---- Data

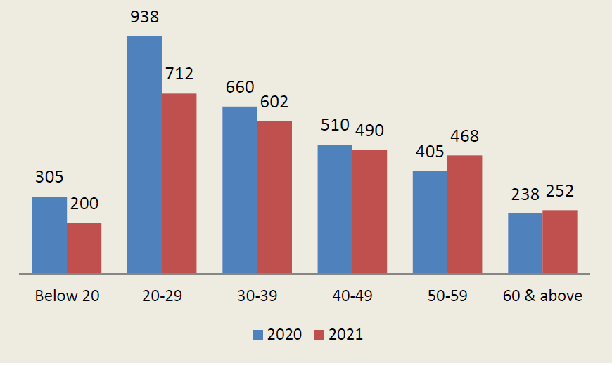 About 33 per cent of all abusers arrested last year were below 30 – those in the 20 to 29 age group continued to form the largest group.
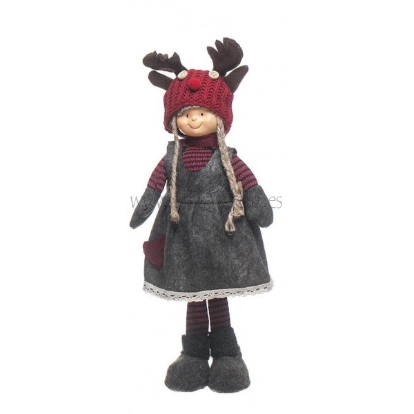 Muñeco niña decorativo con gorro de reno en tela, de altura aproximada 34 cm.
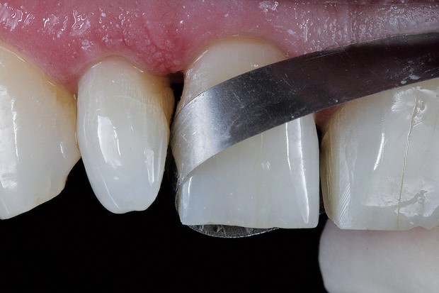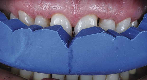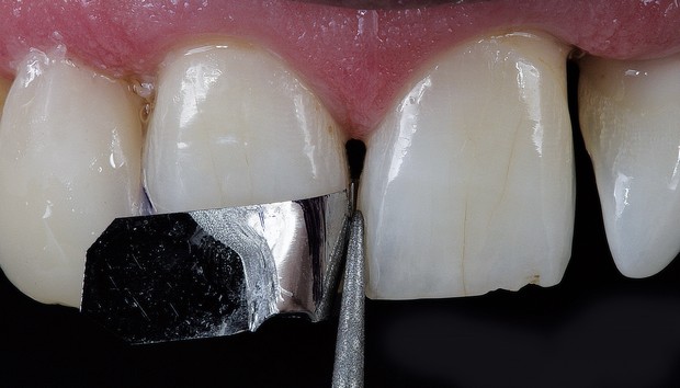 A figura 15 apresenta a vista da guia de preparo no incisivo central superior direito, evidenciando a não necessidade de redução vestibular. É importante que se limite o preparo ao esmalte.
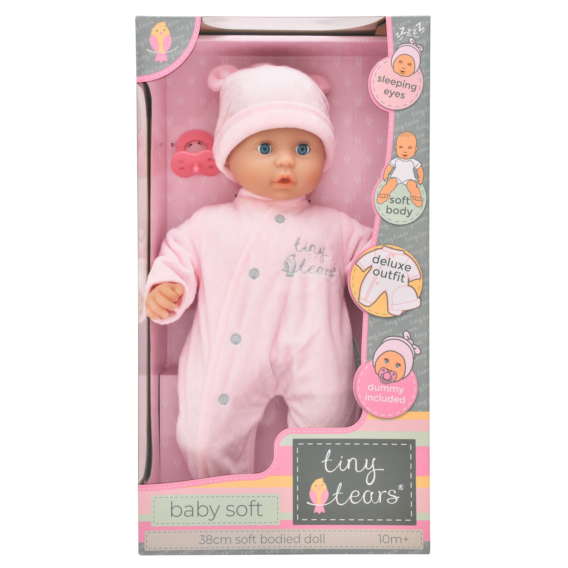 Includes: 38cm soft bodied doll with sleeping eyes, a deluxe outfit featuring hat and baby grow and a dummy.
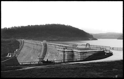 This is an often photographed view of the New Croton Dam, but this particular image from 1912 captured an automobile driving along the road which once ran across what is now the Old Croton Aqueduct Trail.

--------
---- Data

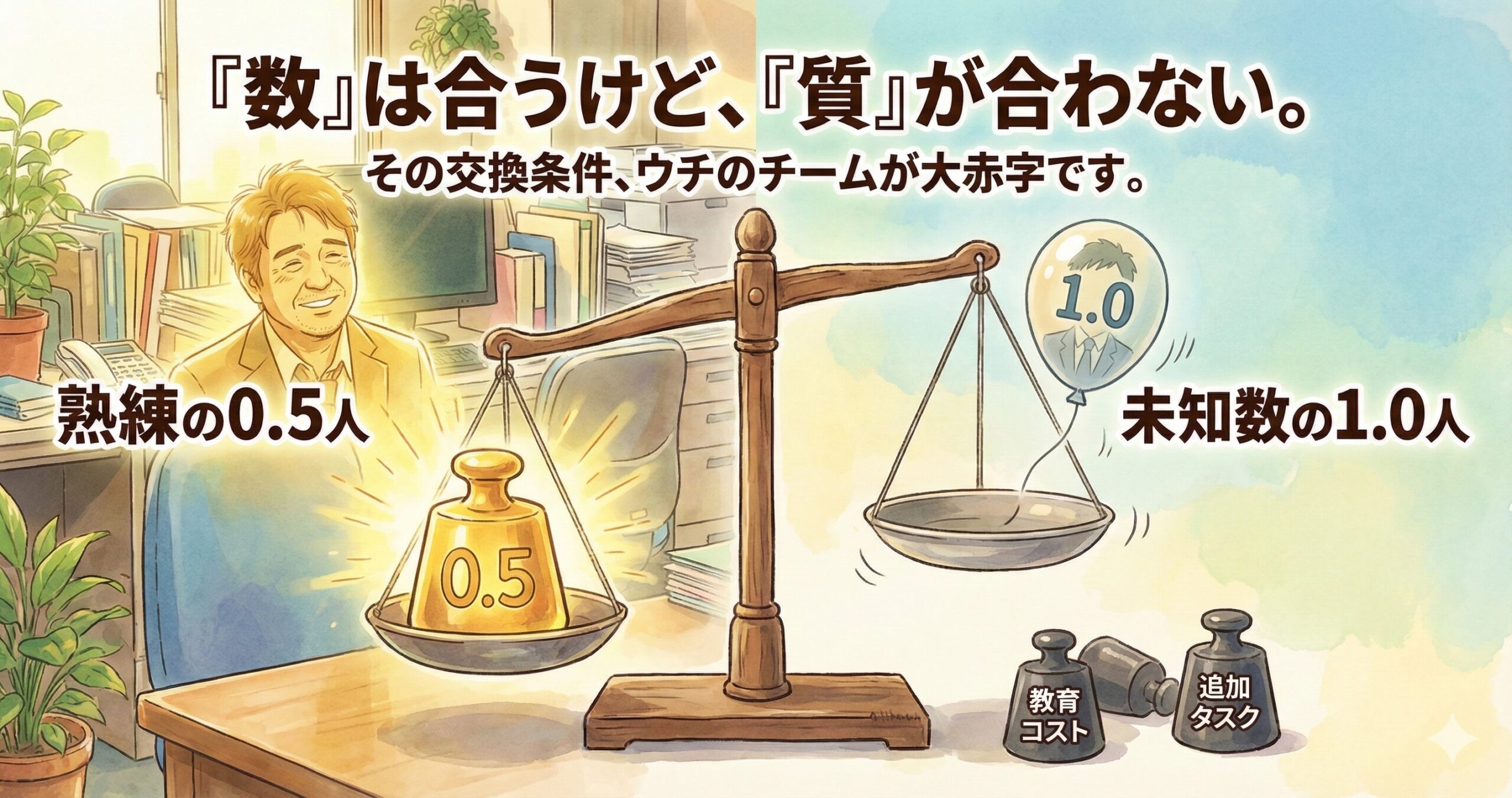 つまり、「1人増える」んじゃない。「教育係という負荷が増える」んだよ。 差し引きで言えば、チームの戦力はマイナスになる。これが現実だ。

--------

#### What you are asked to do
In the records above, find the line containing "About 33 per" and the line containing "This is an often", then give both of them again word for word along with every line between. Omit any pictures.

#### Solution to the exercise
 About 33 per cent of all abusers arrested last year were below 30 – those in the 20 to 29 age group continued to form the largest group.
 Muñeco niña decorativo con gorro de reno en tela, de altura aproximada 34 cm.
 A figura 15 apresenta a vista da guia de preparo no incisivo central superior direito, evidenciando a não necessidade de redução vestibular. É importante que se limite o preparo ao esmalte.
 Includes: 38cm soft bodied doll with sleeping eyes, a deluxe outfit featuring hat and baby grow and a dummy.
 This is an often photographed view of the New Croton Dam, but this particular image from 1912 captured an automobile driving along the road which once ran across what is now the Old Croton Aqueduct Trail.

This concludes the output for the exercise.